Hand-written Triton kernels and 70% less VRAM, for free
Spoiler: the Unsloth team rewrote the autograd path in Triton again and your fine-tunes just got cheaper. Same dataset, same LoRA, half the wall time, a third of the VRAM. Free.
The Setup
Unsloth is a drop-in replacement for HuggingFace's training loop. You import their model loader instead of AutoModelForCausalLM, attach LoRA, hand it to TRL's SFTTrainer, and the rest of your code is identical. The kernels do the heavy lifting.
{`pip install "unsloth[colab-new] @ git+https://github.com/unslothai/unsloth.git"
pip install --no-deps trl peft accelerate bitsandbytes`}The Money Pattern
Here's the whole script. A 7B QLoRA fine-tune on an A100 used to take six hours; this finishes in two. On a 4090 at home it's the difference between "leave it overnight" and "have a coffee".

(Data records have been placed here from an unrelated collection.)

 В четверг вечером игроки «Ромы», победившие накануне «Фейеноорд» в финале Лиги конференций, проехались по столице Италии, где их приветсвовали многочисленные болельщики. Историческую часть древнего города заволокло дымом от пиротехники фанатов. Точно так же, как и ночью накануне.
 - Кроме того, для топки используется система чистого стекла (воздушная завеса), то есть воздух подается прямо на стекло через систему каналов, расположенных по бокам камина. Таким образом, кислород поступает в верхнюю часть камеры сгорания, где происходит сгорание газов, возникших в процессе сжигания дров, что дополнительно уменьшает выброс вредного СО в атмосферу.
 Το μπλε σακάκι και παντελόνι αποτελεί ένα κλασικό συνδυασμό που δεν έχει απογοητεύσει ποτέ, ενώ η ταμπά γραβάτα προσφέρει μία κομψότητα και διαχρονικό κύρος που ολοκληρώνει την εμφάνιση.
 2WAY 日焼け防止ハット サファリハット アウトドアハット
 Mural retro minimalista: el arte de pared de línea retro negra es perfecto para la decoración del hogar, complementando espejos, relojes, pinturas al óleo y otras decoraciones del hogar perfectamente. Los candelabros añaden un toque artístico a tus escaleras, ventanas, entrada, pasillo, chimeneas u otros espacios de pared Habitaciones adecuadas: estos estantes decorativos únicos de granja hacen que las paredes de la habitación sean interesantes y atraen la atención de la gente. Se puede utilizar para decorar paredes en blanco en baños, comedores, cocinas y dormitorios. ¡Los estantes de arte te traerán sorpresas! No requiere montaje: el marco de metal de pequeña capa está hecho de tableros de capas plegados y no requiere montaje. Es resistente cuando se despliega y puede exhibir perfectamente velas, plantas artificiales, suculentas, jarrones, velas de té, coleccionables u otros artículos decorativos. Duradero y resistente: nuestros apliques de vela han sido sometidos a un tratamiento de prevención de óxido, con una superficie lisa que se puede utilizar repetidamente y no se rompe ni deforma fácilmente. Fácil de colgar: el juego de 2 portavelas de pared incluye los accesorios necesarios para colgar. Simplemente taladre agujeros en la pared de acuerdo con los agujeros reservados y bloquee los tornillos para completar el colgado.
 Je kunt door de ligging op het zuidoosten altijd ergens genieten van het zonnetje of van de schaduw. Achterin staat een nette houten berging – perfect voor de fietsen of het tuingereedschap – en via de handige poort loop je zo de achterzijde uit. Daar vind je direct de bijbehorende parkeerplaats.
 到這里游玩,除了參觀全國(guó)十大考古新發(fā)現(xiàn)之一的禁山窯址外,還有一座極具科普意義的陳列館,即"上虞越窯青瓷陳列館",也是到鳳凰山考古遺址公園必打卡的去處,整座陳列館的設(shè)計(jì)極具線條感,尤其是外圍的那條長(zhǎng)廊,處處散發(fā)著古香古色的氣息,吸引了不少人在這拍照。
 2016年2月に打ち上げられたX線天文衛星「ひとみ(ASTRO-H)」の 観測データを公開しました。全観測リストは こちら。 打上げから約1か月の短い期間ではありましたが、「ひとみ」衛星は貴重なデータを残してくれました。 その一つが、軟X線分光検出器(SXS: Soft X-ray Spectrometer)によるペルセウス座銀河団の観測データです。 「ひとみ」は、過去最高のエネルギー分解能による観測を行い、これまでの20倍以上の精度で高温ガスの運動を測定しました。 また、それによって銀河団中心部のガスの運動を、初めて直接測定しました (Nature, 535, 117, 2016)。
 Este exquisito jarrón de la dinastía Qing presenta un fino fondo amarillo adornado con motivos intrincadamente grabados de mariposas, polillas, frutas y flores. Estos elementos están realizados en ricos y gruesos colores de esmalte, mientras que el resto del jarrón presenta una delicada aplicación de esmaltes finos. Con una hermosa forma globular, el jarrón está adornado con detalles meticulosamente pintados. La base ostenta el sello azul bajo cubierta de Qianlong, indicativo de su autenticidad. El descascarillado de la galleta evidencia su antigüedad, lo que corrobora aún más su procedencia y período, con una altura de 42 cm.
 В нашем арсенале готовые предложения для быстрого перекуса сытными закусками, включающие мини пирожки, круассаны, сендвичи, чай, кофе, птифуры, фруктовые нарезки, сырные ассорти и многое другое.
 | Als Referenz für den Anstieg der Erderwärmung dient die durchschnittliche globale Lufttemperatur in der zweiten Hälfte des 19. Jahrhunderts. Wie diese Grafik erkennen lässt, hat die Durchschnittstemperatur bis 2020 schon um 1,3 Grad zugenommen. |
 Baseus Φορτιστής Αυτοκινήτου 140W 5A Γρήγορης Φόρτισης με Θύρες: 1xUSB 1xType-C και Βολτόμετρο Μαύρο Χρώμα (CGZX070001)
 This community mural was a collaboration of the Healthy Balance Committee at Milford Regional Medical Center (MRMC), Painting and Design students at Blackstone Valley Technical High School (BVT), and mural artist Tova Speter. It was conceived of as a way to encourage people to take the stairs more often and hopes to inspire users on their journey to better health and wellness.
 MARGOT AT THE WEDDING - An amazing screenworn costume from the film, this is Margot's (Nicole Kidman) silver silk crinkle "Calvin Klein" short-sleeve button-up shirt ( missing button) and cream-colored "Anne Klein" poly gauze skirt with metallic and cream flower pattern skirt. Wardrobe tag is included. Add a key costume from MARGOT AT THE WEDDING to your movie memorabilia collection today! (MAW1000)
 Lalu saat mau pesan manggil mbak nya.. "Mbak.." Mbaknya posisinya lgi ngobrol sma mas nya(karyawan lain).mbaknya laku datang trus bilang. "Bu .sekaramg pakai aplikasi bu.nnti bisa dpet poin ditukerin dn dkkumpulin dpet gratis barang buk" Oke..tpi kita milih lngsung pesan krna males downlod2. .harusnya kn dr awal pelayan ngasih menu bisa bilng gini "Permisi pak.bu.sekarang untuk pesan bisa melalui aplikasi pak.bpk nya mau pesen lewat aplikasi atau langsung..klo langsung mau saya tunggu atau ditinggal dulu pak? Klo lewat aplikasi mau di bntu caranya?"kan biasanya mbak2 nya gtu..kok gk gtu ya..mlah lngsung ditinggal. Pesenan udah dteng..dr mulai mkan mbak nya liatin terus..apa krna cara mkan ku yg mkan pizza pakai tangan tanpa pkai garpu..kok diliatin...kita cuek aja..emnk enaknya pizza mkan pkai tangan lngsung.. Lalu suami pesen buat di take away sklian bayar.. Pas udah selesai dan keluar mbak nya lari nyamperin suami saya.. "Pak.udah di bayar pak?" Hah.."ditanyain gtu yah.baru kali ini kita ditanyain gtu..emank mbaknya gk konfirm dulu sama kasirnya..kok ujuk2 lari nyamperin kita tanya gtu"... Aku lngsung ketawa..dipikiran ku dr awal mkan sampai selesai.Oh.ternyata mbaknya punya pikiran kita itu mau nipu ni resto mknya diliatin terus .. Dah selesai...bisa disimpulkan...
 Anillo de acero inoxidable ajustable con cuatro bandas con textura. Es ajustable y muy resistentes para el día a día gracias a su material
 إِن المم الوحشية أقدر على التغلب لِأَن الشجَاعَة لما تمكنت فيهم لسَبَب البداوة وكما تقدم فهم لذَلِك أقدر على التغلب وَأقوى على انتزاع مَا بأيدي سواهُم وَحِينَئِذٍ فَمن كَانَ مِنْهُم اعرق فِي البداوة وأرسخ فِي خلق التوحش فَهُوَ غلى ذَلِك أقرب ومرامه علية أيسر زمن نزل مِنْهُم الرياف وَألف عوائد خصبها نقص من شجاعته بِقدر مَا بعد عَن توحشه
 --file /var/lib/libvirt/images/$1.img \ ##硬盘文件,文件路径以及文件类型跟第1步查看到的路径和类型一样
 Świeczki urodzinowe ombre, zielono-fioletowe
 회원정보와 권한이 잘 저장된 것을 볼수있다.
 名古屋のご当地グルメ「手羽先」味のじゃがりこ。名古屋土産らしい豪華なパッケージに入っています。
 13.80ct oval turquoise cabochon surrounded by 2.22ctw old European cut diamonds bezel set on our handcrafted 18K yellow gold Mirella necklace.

{`from unsloth import FastLanguageModel
from trl import SFTTrainer
from transformers import TrainingArguments
model, tok = FastLanguageModel.from_pretrained(
model_name="unsloth/llama-3-8b-bnb-4bit",
max_seq_length=4096,
load_in_4bit=True,
)
model = FastLanguageModel.get_peft_model(
model, r=16, lora_alpha=32,
target_modules=["q_proj","k_proj","v_proj","o_proj"],
)
trainer = SFTTrainer(
model=model, tokenizer=tok,
train_dataset=ds, dataset_text_field="text",
args=TrainingArguments(
per_device_train_batch_size=2,
gradient_accumulation_steps=4,
warmup_steps=10, max_steps=200,
learning_rate=2e-4, bf16=True,
output_dir="out",
),
)
trainer.train()`}The Catch
NVIDIA-only. The Triton kernels assume CUDA, so AMD ROCm and Apple silicon are out. If you're on an M-series Mac for training, you're still stuck with MLX (which has its own LoRA story — different post). For cloud GPUs, Unsloth is a no-brainer.
The Verdict
If you're fine-tuning anything on NVIDIA and not using Unsloth, you're lighting cloud credits on fire. Swap your loader, keep your dataset, watch the wall clock collapse. Then ship the adapter and pretend it was hard.